Lately there has been so much news about violence among children. There were about two videos shown with children fighting in school buses. Then there was news a couple weeks ago about a school boy who stabbed another one to death, allegedly, over a girl.

The latest one, and the one that I want to focus on is about a group of boys (young boys, the youngest being 13), who lit another one on fire because he reported them as having stolen his father’s bicycle.

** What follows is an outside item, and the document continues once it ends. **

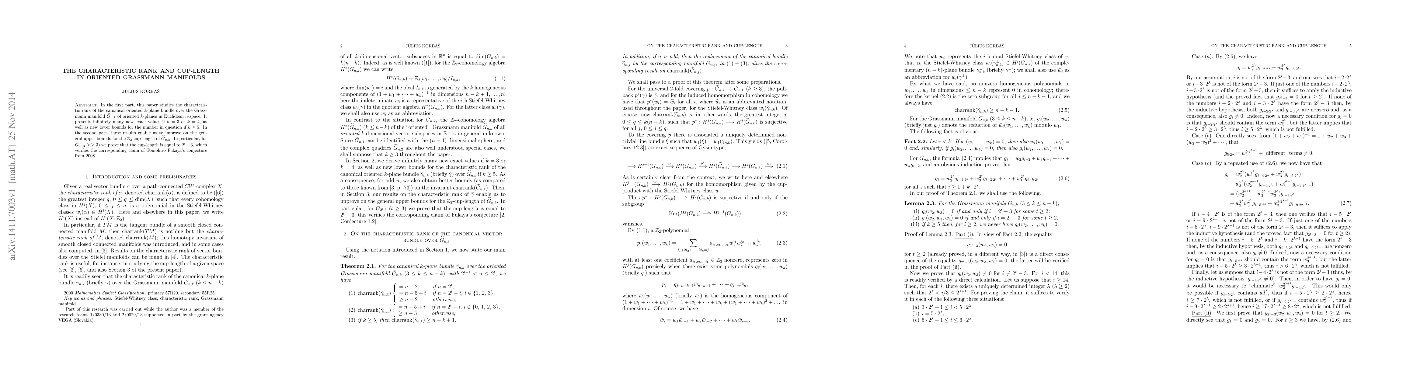 This research paper studies the characteristic rank of oriented Grassmann manifolds and improves upon general upper bounds for cup-length, verifying a conjecture from 2008.

I cannot imagine that so much anger and hatred is in the minds of our children these days and I cannot help but wonder if it is the current climate of anger and unforgiveness around us that is rubbing off on these children, or is it the homes for which they come, who do we hold responsible for this? When I was a child, we fought with fists, and very rarely we would use sticks. But there was hardly any incidents including weapons like guns and knives.

This poor youngster has burns, some third degree, over 80% of his body and is currently fighting for his life and in an interview the other morning on the Today Show, with his mom and his doctor, the doctor was saying that he is not in the woods yet, much more to be out of it, so all in all, they are dealing with a very grave situation.

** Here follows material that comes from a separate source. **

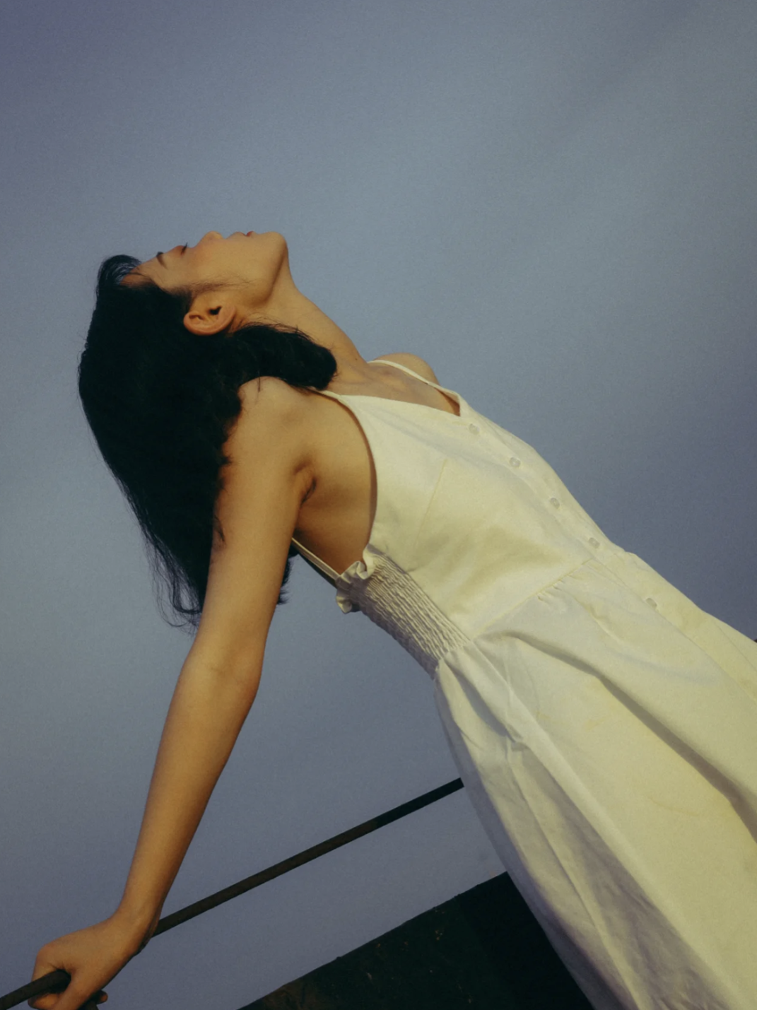轻轻依靠在围墙上,从下向上45°仰拍,这个方法不管是阴天还是晴天都适用。

After the interview, the boy’s mother broke down, as she was understandably in so much pain and was trying hard to fight back the tears as she spoke. The Today Show asked her permission to show this breakdown on air, so that it will hopefully send the message out that incidents like these leave families in too much unnecessary pain and something needs to be done about them.
Right about this time, it hit me because it is really hard to see a parent in pain, as you start picturing yourself in the same position. Tears understandably, began welling up in my own eyes as I thought, what kind of world am I getting ready to send my son in? I really felt at this point that I would keep him home, home school him or something and just lock him away from all this callousness, because no one is exempted from falling victim to this.

Imagine so many of us have to fight the ravages of infertility to have our children and then only to have to face the reality that a brutal world awaits them and there is not much that we can do by way of protecting them from it because, let’s face it, they have to face the challenges of this world and we just simply cannot be there at all times to shield them from what it will throw their way. All we can do, is our best to prepare them, but that’s about it.

This is when we have to draw heavily on our faith in God and entrust them into his care and keeping.

I wrote recently about couples who begin praying for their unborn children from as early as the intercourse stage and I must re-iterate that this is a good thing for every God-fearing person to do, because I do believe that this results in better children, who will result in better people in our world, thus eventually making our world a better place.